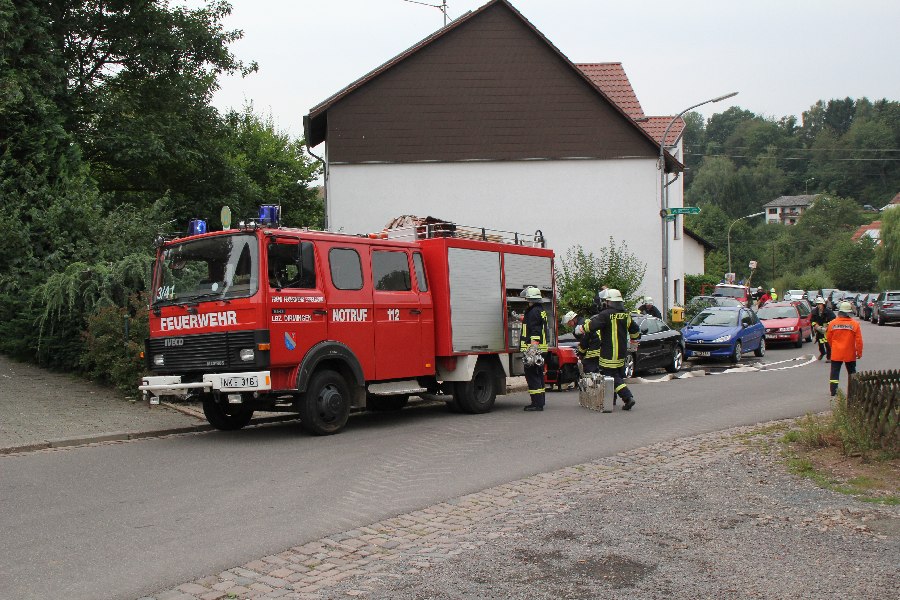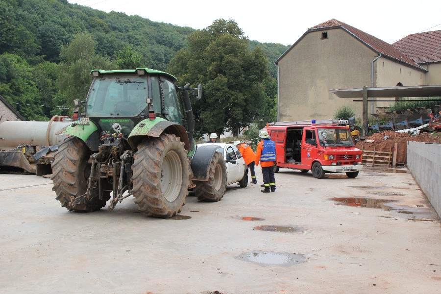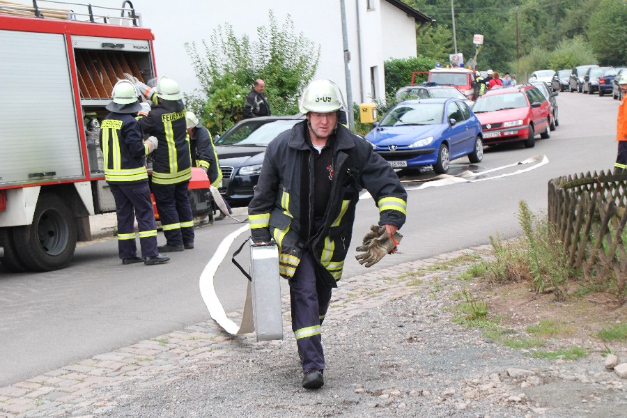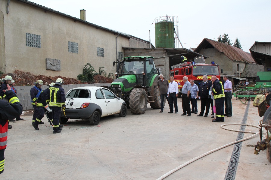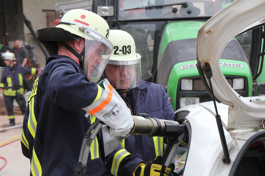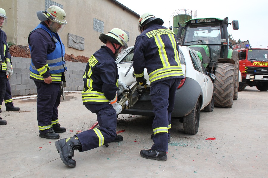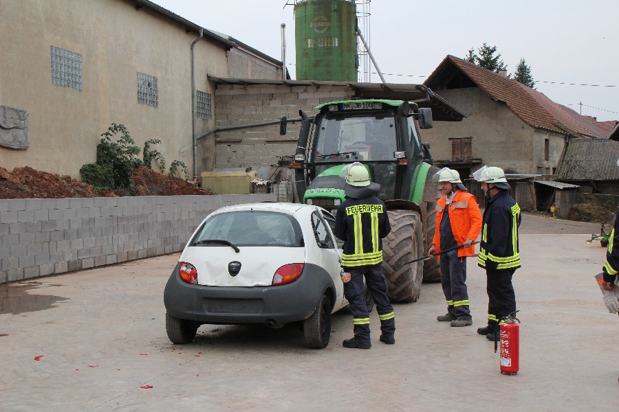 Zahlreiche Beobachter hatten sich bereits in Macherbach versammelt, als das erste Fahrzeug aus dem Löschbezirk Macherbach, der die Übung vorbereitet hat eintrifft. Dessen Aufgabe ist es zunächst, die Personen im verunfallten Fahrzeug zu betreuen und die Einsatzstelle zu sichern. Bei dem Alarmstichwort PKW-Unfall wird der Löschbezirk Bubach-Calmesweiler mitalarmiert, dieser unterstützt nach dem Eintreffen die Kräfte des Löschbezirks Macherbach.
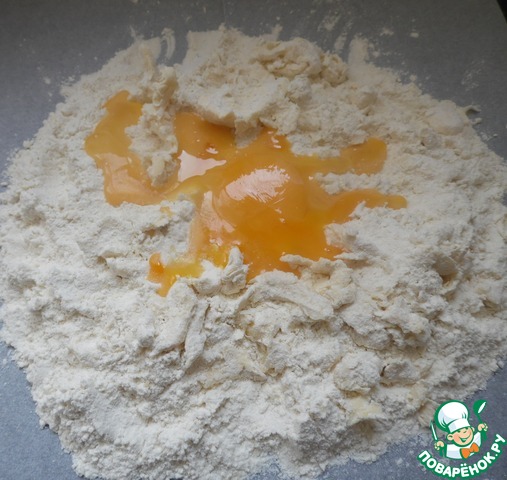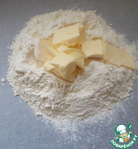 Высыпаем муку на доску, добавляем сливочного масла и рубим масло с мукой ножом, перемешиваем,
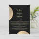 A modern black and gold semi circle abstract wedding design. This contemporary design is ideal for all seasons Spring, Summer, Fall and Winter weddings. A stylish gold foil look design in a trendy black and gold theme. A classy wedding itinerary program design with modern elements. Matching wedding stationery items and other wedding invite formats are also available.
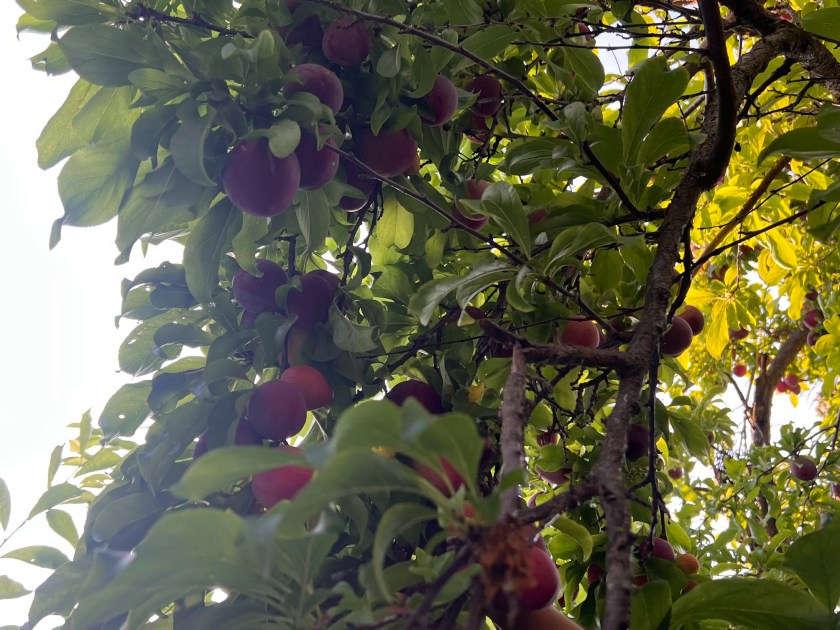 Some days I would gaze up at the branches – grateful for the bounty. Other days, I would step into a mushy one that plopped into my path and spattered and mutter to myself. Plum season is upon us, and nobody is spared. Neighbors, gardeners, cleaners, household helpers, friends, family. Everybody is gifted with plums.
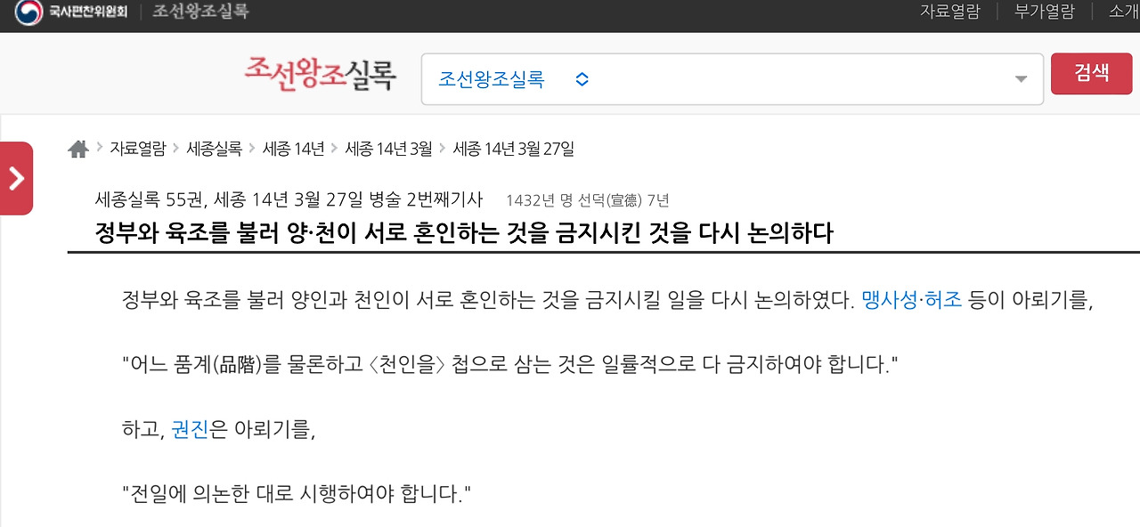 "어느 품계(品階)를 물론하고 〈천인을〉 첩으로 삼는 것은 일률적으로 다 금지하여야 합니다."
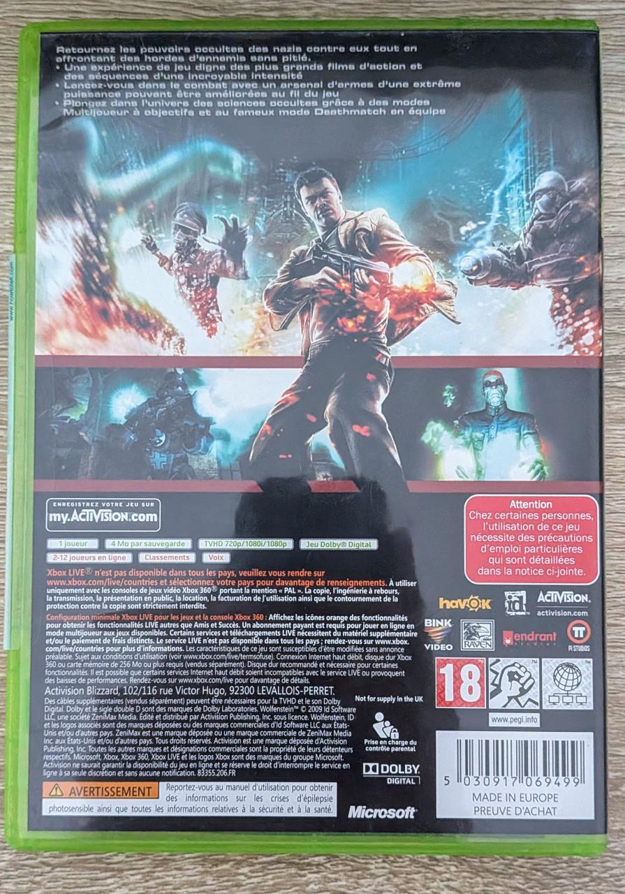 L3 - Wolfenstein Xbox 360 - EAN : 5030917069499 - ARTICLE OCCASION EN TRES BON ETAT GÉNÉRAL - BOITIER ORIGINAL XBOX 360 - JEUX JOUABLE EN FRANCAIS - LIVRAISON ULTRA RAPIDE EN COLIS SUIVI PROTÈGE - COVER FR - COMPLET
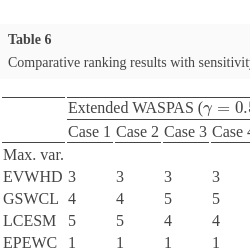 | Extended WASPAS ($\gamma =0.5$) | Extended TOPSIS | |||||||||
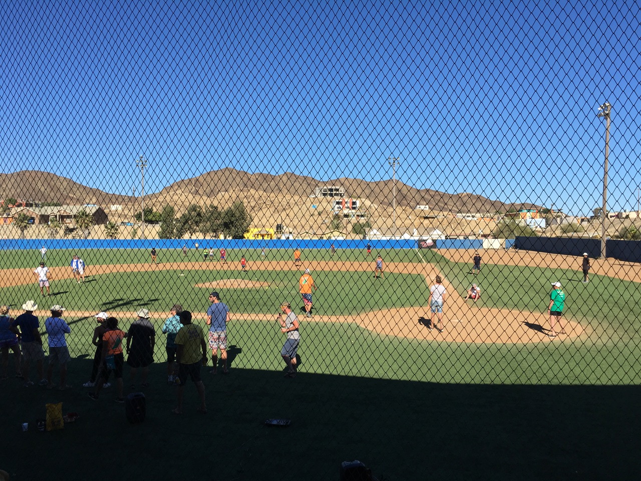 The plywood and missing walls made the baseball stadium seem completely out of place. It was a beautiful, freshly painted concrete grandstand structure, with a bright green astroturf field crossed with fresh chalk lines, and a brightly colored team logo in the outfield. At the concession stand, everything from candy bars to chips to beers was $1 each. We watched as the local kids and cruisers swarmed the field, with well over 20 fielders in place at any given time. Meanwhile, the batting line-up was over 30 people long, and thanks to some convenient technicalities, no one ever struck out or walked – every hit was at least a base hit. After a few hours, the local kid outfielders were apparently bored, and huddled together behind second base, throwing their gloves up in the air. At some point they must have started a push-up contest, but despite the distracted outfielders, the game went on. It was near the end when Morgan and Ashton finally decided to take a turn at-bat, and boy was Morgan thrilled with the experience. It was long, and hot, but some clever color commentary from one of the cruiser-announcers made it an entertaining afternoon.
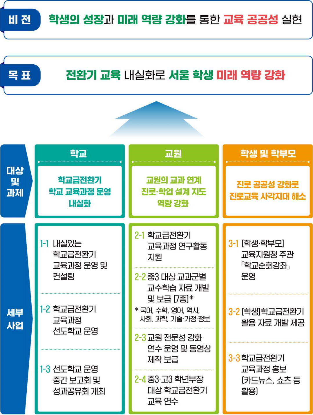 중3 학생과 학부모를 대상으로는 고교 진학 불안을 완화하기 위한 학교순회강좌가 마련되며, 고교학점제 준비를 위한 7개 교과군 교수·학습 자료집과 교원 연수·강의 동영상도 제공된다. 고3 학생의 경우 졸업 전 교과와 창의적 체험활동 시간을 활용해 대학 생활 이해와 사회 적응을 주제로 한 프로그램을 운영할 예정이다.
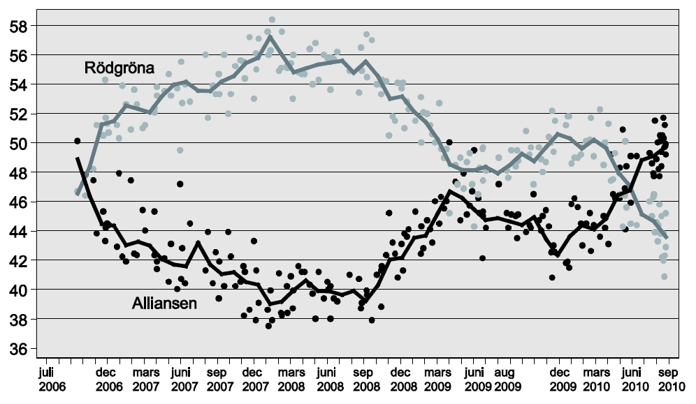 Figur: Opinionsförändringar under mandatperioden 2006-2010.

——————

• Your assignment
Please give all of the data again, exact and free of pictures.

• Answer box
 Zahlreiche Beobachter hatten sich bereits in Macherbach versammelt, als das erste Fahrzeug aus dem Löschbezirk Macherbach, der die Übung vorbereitet hat eintrifft. Dessen Aufgabe ist es zunächst, die Personen im verunfallten Fahrzeug zu betreuen und die Einsatzstelle zu sichern. Bei dem Alarmstichwort PKW-Unfall wird der Löschbezirk Bubach-Calmesweiler mitalarmiert, dieser unterstützt nach dem Eintreffen die Kräfte des Löschbezirks Macherbach.
 Высыпаем муку на доску, добавляем сливочного масла и рубим масло с мукой ножом, перемешиваем,
 A modern black and gold semi circle abstract wedding design. This contemporary design is ideal for all seasons Spring, Summer, Fall and Winter weddings. A stylish gold foil look design in a trendy black and gold theme. A classy wedding itinerary program design with modern elements. Matching wedding stationery items and other wedding invite formats are also available.
 Some days I would gaze up at the branches – grateful for the bounty. Other days, I would step into a mushy one that plopped into my path and spattered and mutter to myself. Plum season is upon us, and nobody is spared. Neighbors, gardeners, cleaners, household helpers, friends, family. Everybody is gifted with plums.
 "어느 품계(品階)를 물론하고 〈천인을〉 첩으로 삼는 것은 일률적으로 다 금지하여야 합니다."
 L3 - Wolfenstein Xbox 360 - EAN : 5030917069499 - ARTICLE OCCASION EN TRES BON ETAT GÉNÉRAL - BOITIER ORIGINAL XBOX 360 - JEUX JOUABLE EN FRANCAIS - LIVRAISON ULTRA RAPIDE EN COLIS SUIVI PROTÈGE - COVER FR - COMPLET
 | Extended WASPAS ($\gamma =0.5$) | Extended TOPSIS | |||||||||
 The plywood and missing walls made the baseball stadium seem completely out of place. It was a beautiful, freshly painted concrete grandstand structure, with a bright green astroturf field crossed with fresh chalk lines, and a brightly colored team logo in the outfield. At the concession stand, everything from candy bars to chips to beers was $1 each. We watched as the local kids and cruisers swarmed the field, with well over 20 fielders in place at any given time. Meanwhile, the batting line-up was over 30 people long, and thanks to some convenient technicalities, no one ever struck out or walked – every hit was at least a base hit. After a few hours, the local kid outfielders were apparently bored, and huddled together behind second base, throwing their gloves up in the air. At some point they must have started a push-up contest, but despite the distracted outfielders, the game went on. It was near the end when Morgan and Ashton finally decided to take a turn at-bat, and boy was Morgan thrilled with the experience. It was long, and hot, but some clever color commentary from one of the cruiser-announcers made it an entertaining afternoon.
 중3 학생과 학부모를 대상으로는 고교 진학 불안을 완화하기 위한 학교순회강좌가 마련되며, 고교학점제 준비를 위한 7개 교과군 교수·학습 자료집과 교원 연수·강의 동영상도 제공된다. 고3 학생의 경우 졸업 전 교과와 창의적 체험활동 시간을 활용해 대학 생활 이해와 사회 적응을 주제로 한 프로그램을 운영할 예정이다.
 Figur: Opinionsförändringar under mandatperioden 2006-2010.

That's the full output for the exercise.